Se il cash flow operazionale è negativo indica un fabbisogno, quindi tanto più esso sarà negativo tanto più
l'azienda non sarà sana, visto che nelle aziende sane i mezzi di copertura superano i fabbisogni.
Per concludere un'azienda sana avrà il saldo nella prima parte del quadro generale dei movimenti monetari,
quindi nella sezione fabbisogni, mentre un'azienda che non è sana, cioè che ha fabbisogni finanziari
maggiori dei mezzi di copertura, avrà il saldo nella seconda parte del quadro, quindi nella sezione mezzi di
copertura. Grazie a questo quadro è possibile calcolare un indice aziendale importante: il GAF. 

Il GAF, cioè il grado di autonomia finanziaria di un'azienda, è dato dal rapporto tra cash flow (sia positivo
che negativo), pagamento dei dividendi e realizzo degli investimenti / investimenti (tecnici e finanziari) e
rimborso dei prestiti. Questi quozienti esprimono la capacità dell'azienda di operare in relativa
indipendenza dai creditori, cioè indicano la capacità di generare mezzi all'interno dell'azienda senza dover
ricorrere a fonti esterne (oggi le aziende sono perlopiù dipendenti dal mercato dei capitali); per certi versi
questi quozienti indicano la capacità di indebitamento. Più è alto il rapporto tra questi fattori maggiore sarà
la possibilità dell'autosufficienza finanziaria.

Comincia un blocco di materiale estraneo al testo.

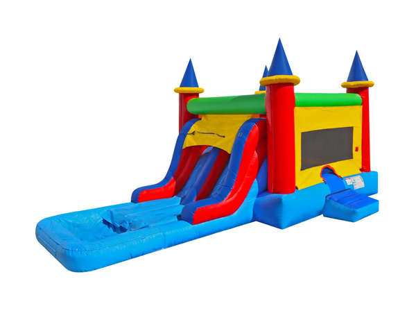 Includes: Bigger bouncing area, dual slide, misting system and pool. Impact mats, tarp, and caution cones.
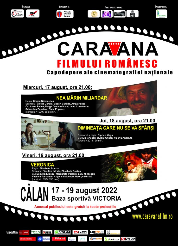 Primăria orașului Călan și Consiliul Local în colaborare cu CINECULTURA readuc CARAVANA FILMULUI ROMÂNESC la Călan în 2022, pe stadionul VICTORIA în perioada 17-19 august, cu următoarele proiecții:
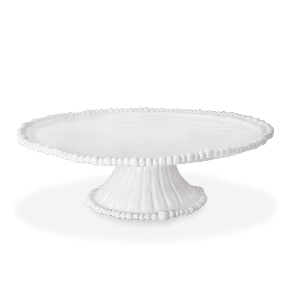 Enhanced with pearl details, the Beatriz Ball Alegria Pedestal Cake Plate is the essence of casual elegance in shimmering white melamine. A natural for cakes and other baked goods, the beautifully designed piece is also an elegant surface on which to serve cheeses, canapés or other small bites. A unique gift for the baker in your life. The versatile and cleverly designed white cake stand boasts a twist-off pedestal for easy storage. Inverted, the base doubles as a dip bowl when placed atop the round platter. The eye-catching and generously proportioned cake stand has the luster, heft and look of a ceramic piece.

Un'azienda però non deve puntare all'autosufficienza
finanziaria, bensì all'autonomia finanziaria, cioè deve cercare di ricorrere il meno possibile a fonti di terzi
(se si è indipendenti da terzi si è autosufficienti).
Grazie allo stato patrimoniale siamo in grado di capire se l'azienda è ricorsa all'autofinanziamento e ce ne
accorgiamo quando:

 le fonti di finanziamento diminuiscono nell'avere del conto, senza però alterare i finanziamenti nel
dare del conto;
 gli investimenti crescono o rimangono inalterati nel dare del conto e le fonti esterne diminuiscono
o rimangono uguali nell'avere del conto: ciò significa che lo stock degli investimenti aumenterà per
effetto dell'autofinanziamento.

Il ROE e il ROI
Oltre al cash flow è importante calcolare il ROE (return in equity), cioè il tasso di rendimento del capitale
proprio, che si ottiene dividendo il reddito netto e il capitale proprio, e il ROI (return on investiment), cioè il
tasso di rendimento del capitale investito, che si ottiene dividendo il reddito operativo e il capitale
investito. Il primo è importante perché tramite esso possiamo conoscere la redditività del capitale:
solitamente il capitale di credito risulta avere redditività maggiore rispetto al capitale proprio, motivo per il
quale oggi si parla di uso improprio del capitale o meglio di sottocapitalizzazione delle aziende.
Il secondo invece è importante perché, se confrontato con il tasso di interesse (i = oneri finanziari o
interessi passivi/investimento), è possibile capire se l’azienda possa indebitarsi (ROI ≥ i) oppure no (ROI < i).